Should We All Have the Right to be Forgotten?
A concept of the Internet Age.
Imagine an embarrassing photo, a controversial tweet or a random thought on Reddit – all of which lose their relevance to your mind within minutes and to the topic within hours or days. But, the internet will remember forever until the electricity powering the servers is cut off. So then, what good is this artificial increase in the public’s memory, whereby you can be held accountable for an opinion you had ten years ago and subsequently be ‘cancelled’ for it?
The modern communications megalith sees all, remembers all and spares none! Investigations are swift at the click of a button, and justice is dispensed through the easily manipulated will of the masses.
Save for a situation wherein a crime has been committed, pushing a person to be perennially worried about what they used to think during a different time of their life is akin to keeping them and their freedom hostage. So it is not unexpected that there have surfaced demands to be ‘forgotten’ by the internet – to fade away from the public consciousness and become ‘lost to history’.
So what is this new right, enshrined in tenets of dignity and privacy, the ‘Right to be Forgotten’?
In principle, it allows a person to seek deletion of private information from the Internet. The concept has been recognised in some jurisdictions abroad, particularly the European Union (EU).
While the right is not recognised by law in India, courts have held it an intrinsic part of the right to privacy in recent months.
The General Data Protection Regulation (GDPR) of the EU provides for the right to the erasure of specific categories of personal data — that which is considered no longer necessary, that for which consent has been withdrawn or processing of which has been objected to, personal data unlawfully processed, and data where there is a legal obligation for erasure.
Leaving aside the legal jargon, suffice it to say, unless there is a criminal association of the data or it is being used for the public good – like health statistics – every individual must have the right to choose what data is retained about them on the Internet. And many companies have stepped forward to meet this newly felt need.
Technology-Based Surveillance
While the social media giants under Meta Inc. allow you to view and delete your data and most others allow you to delete your account and assure you of permanent deletion of your information, more often than not, your “anonymised” data is being used in a “quality improvement” programme. Third-party privacy apps, such as Mine, have emerged with an assurance to find all your data everywhere and purge it from the web via data erasure requests sent to individual apps and services.

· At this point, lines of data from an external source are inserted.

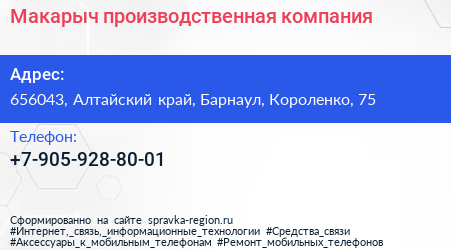 Макарыч, производственная компания по адресу 656043, Алтайский край, Барнаул, Короленко, 75 в дальнейшем Организация, размещена в следующих категориях:
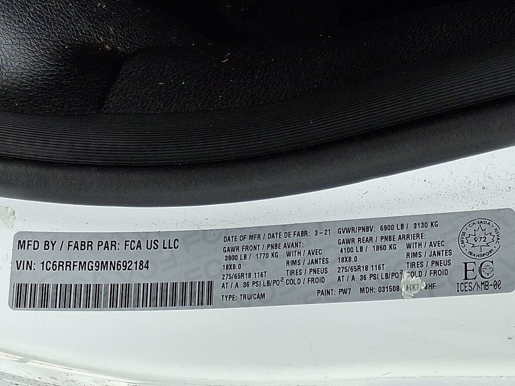 Apple CarPlay: Seamless smartphone integration for this model - stay connected and entertained on the go! This Ram 1500 is equipped with the latest generation of XM/Sirius Radio. Our dealership has already run the CARFAX report and it is clean. A clean CARFAX is a great asset for resale value in the future. This Ram 1500 offers Android Auto for seamless smartphone integration. This 2021 Ram 1500 has satellite radio capabilities. Bluetooth® technology is built into it, keeping your hands on the steering wheel and your focus on the road. Protect this 1/2 ton pickup from unwanted accidents with a cutting edge backup camera system. This model shines with clean polished lines coated with an elegant white finish. This 2021 Ram 1500 has a V6, 3.6L high output engine. This 2021 Ram 1500 has four wheel drive capabilities. This model has adjustable pedals that are luxurious and safety conscious. With the keyless entry system on this 1/2 ton pickup you can pop the trunk without dropping your bags from the store.
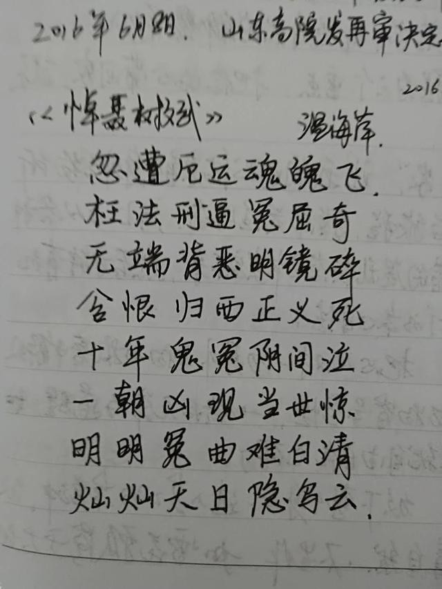 温海萍在狱中写日记,偶尔也写诗。当时他是从报纸上看到聂树斌案的,诗是在狱中写的,很多狱警和狱友知道温海萍的冤情,有关冤案的报道就会留给他看,他平时也收集了很多报道。

With the ‘privacy’ angle being focussed on quite frequently in the past few years and people complaining of advertisements awkwardly similar to the conversation they just had minutes ago with their friend, device manufacturers have built-in support to disable the microphone and camera access for the overly paranoid.

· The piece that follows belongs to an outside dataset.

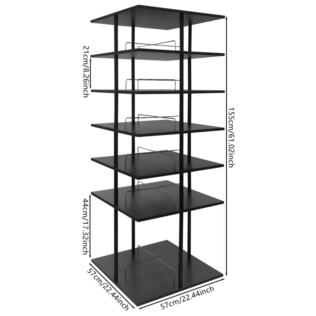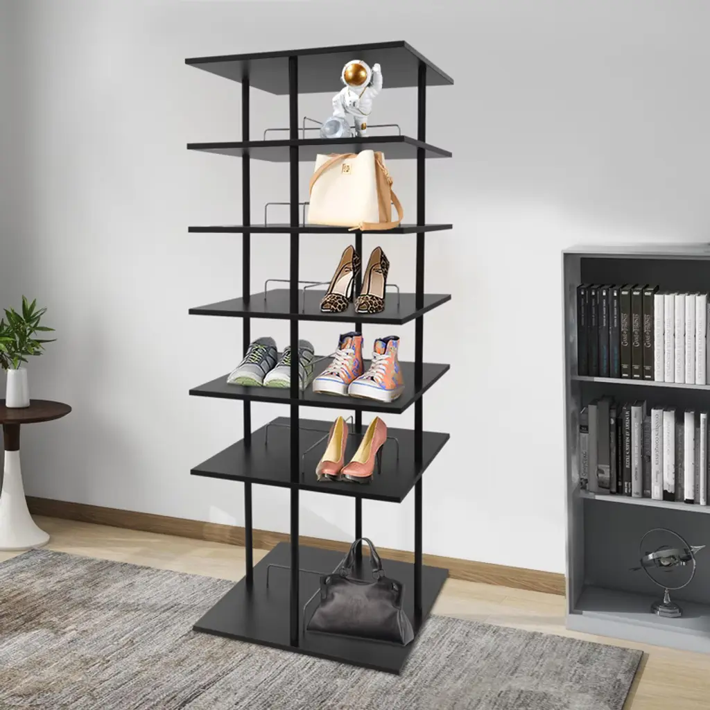 This 6-tier shoe rack is a stylish and practical storage solution. Crafted from durable, eco-friendly paintless board and metal with a sleek black/white finish, it’s built to last. The spacious design holds up to 4 pairs of shoes per tier, with varied spacing (8.26in and 17.32in) to accommodate different footwear, plus a 360° rotating base for easy access. It boasts a strong load capacity (up to 43 lbs), open design for ventilation, and a stable square base, making it perfect for homes or stores. Its compact footprint saves space while adding a touch of modern elegance. Specifications Color: Black/White Material: Paintless Board, Metal Process: Spray Coating, Baking Paint Style: Modern Shape: Rectangular Assembly Required: Yes Mount Type: Floor Mount Feature: 360° Rotatable Product Care Instructions: Wipe with a Soft Cloth Number of Tiers: 6 Number of Shoes Applicable Each Tier: 4 Pairs(For Reference) Total Load-bearing Capacity: About 19.5kg/42.99lbs Tier Spacing: 21cm/8.26in, 44cm/17.32in Product Size: 57*57*155cm/22.44*22.44*61.02in

But when push comes to shove, most of us are not concerned with the overarching surveillance that has become a regular part of our lives. As we install a new app, we hurry to grant permissions to it and have it working for our needs ASAP – but is the app working for you, or is it the other way around?

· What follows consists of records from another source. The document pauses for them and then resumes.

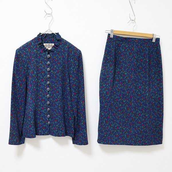 > レジァンス REGENCE セットアップ スカートスーツ ジャケット タイト スリット ノーカラー 総柄 [a964934n]
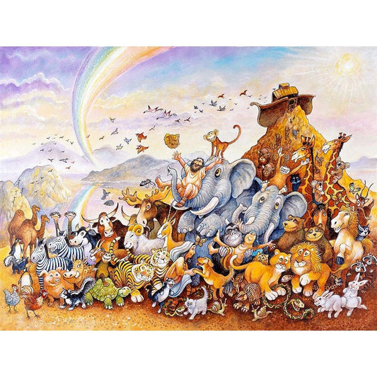 Noahs Happy Ending White Modern Wood Framed Art Print by Bell, Bill
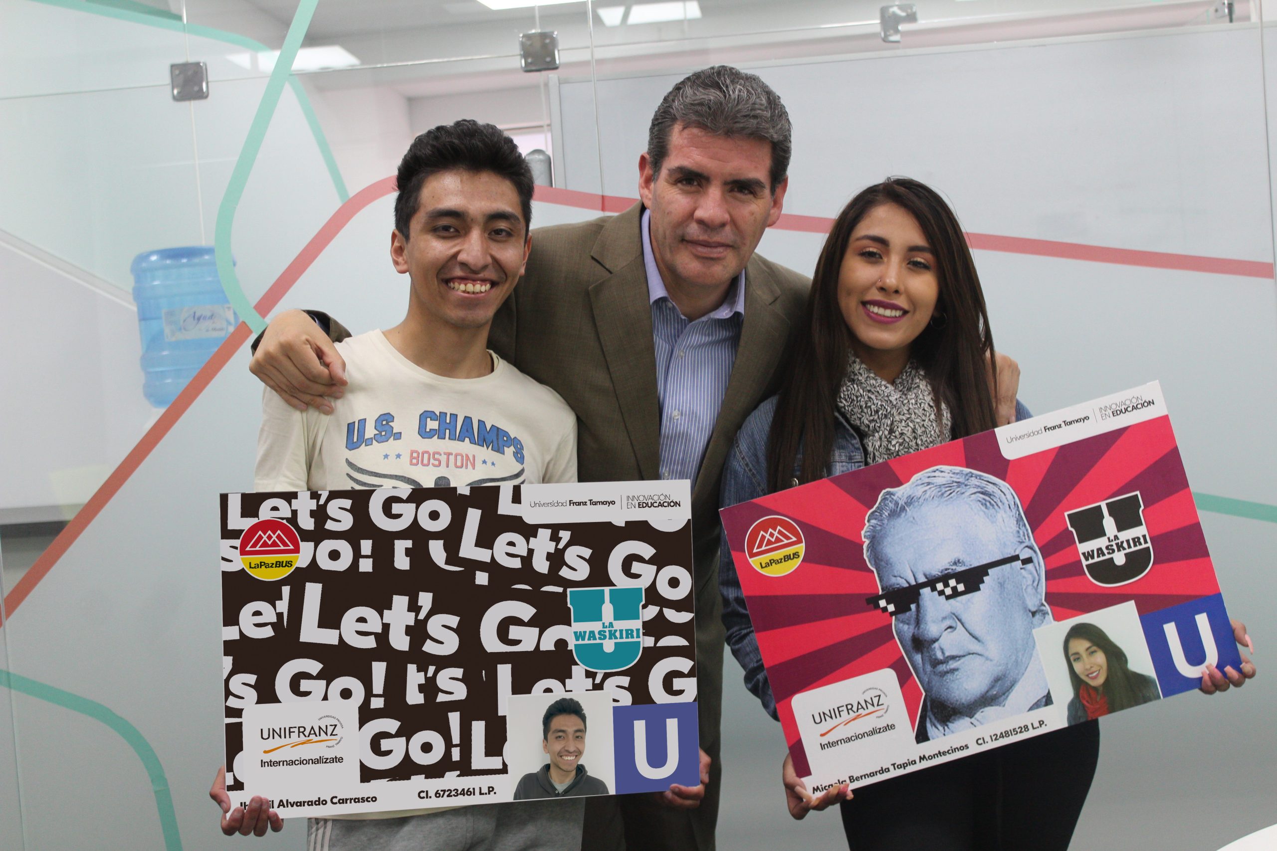 La Paz. Enero. UNIFRANZ y el Gobierno Autónomo Municipal de La Paz se unen para presentar oficialmente las nuevas tarjetas “La Waskiri” del Bus Puma Katari. Éstas vendrán con beneficio en las tarifas y tres espectaculares diseños acordes a la actitud de los jóvenes de hoy.

A common argument against this line of thought is that the public has the right to know. The real question is something else:
Does this right to information supersede the right to privacy that an individual is guaranteed as a citizen?
Of course, the fact that any controversial information can be deleted ensures that people would save a copy for future reference.
It remains to be seen whether this possession of someone else’s ‘forgotten’ information would be violating their privacy. Additionally, subject to the Streisand Effect, the deletion of information on a particular topic would just draw more attention to it and might be counterproductive with regards to the original intention.
Much is yet to be done to resolve this debate of personal privacy vs public curiosity. The consequences of any decision in this matter would be far and wide-reaching. With implications not only on how an individual’s data is stored but also on what, where and how people choose to express themselves, knowing that every word they say, sign or type has the possibility of being misinterpreted or politically incorrect, a few years down the line.